──────── Data for this exercise ────────

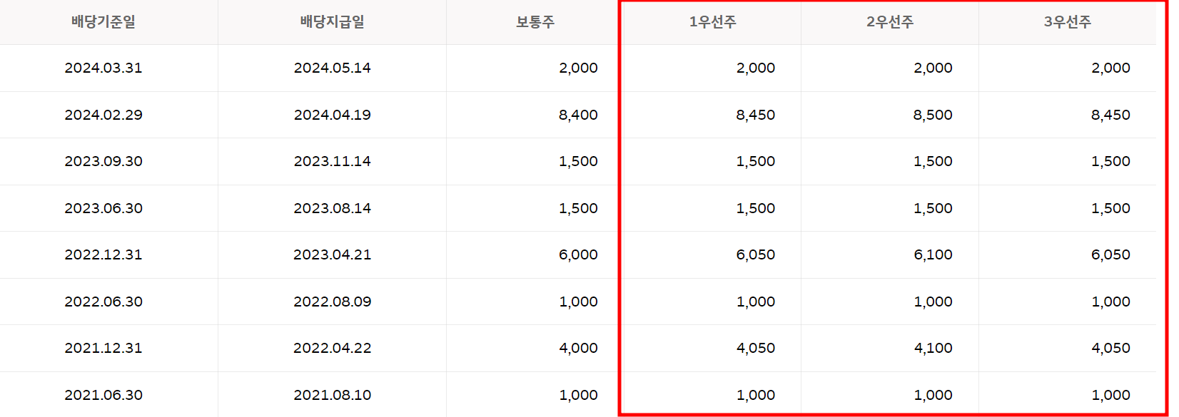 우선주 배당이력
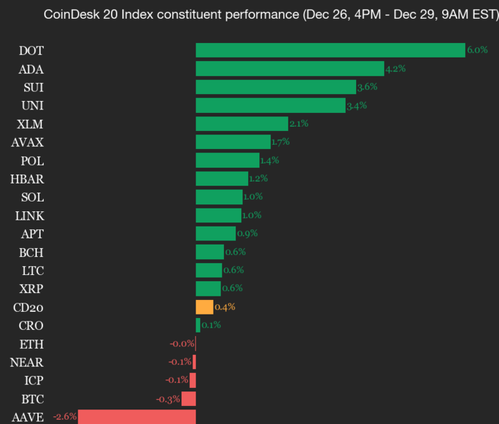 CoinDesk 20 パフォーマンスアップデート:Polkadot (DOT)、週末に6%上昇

────────
──────── Data for this exercise ────────

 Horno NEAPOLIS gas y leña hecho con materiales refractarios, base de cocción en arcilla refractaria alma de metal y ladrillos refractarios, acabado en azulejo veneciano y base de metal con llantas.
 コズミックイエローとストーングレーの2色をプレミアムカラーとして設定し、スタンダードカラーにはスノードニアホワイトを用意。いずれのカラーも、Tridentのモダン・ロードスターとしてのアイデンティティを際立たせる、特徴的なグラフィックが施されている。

────────

» **Your instructions**
Set down again, word for word, the stretch of records from the line with "Horno NEAPOLIS gas" to the line with "コズミックイエローとストーン", both of those lines included.

» **Response to this exercise**
 Horno NEAPOLIS gas y leña hecho con materiales refractarios, base de cocción en arcilla refractaria alma de metal y ladrillos refractarios, acabado en azulejo veneciano y base de metal con llantas.
 コズミックイエローとストーングレーの2色をプレミアムカラーとして設定し、スタンダードカラーにはスノードニアホワイトを用意。いずれのカラーも、Tridentのモダン・ロードスターとしてのアイデンティティを際立たせる、特徴的なグラフィックが施されている。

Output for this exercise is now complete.